Behind The Deal: Jacksonville Jaguars Owner Buys Toronto Four Seasons Hotel
Jacksonville Jaguars owner Shahid Khan has bought the 259-room Four Seasons Hotel for $225M, Canada’s largest-ever single-asset price-per-room deal and a strong signal of TO’s arrival as a legit luxury hotel market.
It’s the first hotel buy for Shahid, founder of auto equipment supplier Flex-N-Gate Group and owner of London’s Fulham Football Club. He acquired the Four Seasons from an affiliate of Kingdom Holding Co, chaired by Saudi Arabia’s Prince Alwaleed Bin Talal Bin. Shadid and his family take immediate ownership of the hotel, which will continue to be managed by Four Seasons Hotels and Resorts. JLL SVPs Mark Sparrow and Luke Scheer, who brokered the sale, say it shows Toronto, which six years ago had no global-grade luxury hotel product, is now a bona fide upscale gateway market.

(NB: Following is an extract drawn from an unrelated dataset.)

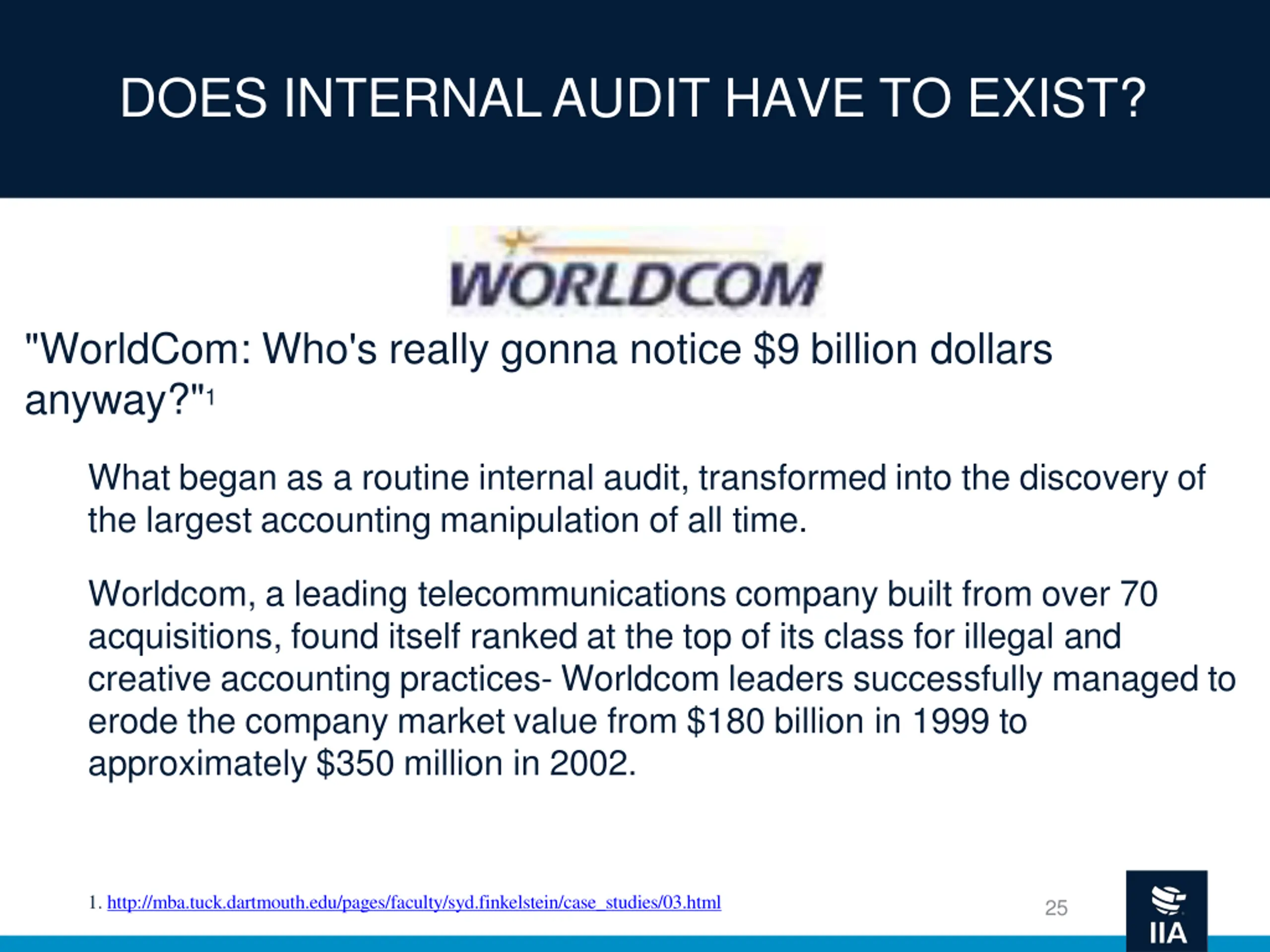 DOES INTERNAL AUDIT HAVE TO EXIST? "WorldCom: Who's really gonna notice $9 billion dollars anyway?"1 What began as a routine internal audit, transformed into the discovery of the largest accounting manipulation of all time. Worldcom, a leading telecommunications company built from over 70 acquisitions, found itself ranked at the top of its class for illegal and creative accounting practices- Worldcom leaders successfully managed to erode the company market value from $180 billion in 1999 to approximately $350 million in 2002. 1. http://mba.tuck.dartmouth.edu/pages/faculty/syd.finkelstein/case_studies/03.html 25

Kingdom tapped JLL to market the Yorkville hotel and Mark says they handpicked a select group of investors with capacity to do a deal this size. Luke won’t dish on how many bids were received for the property, which opened in 2012, but tells us it garnered substantial global interest given the asset's high profile and the Toronto market's hotel-operating fundamentals, the strongest they’ve been in decades. The city's brand keeps growing on the international stage, Mark says, and Four Seasons’ HQ is based here, making the hotel more attractive.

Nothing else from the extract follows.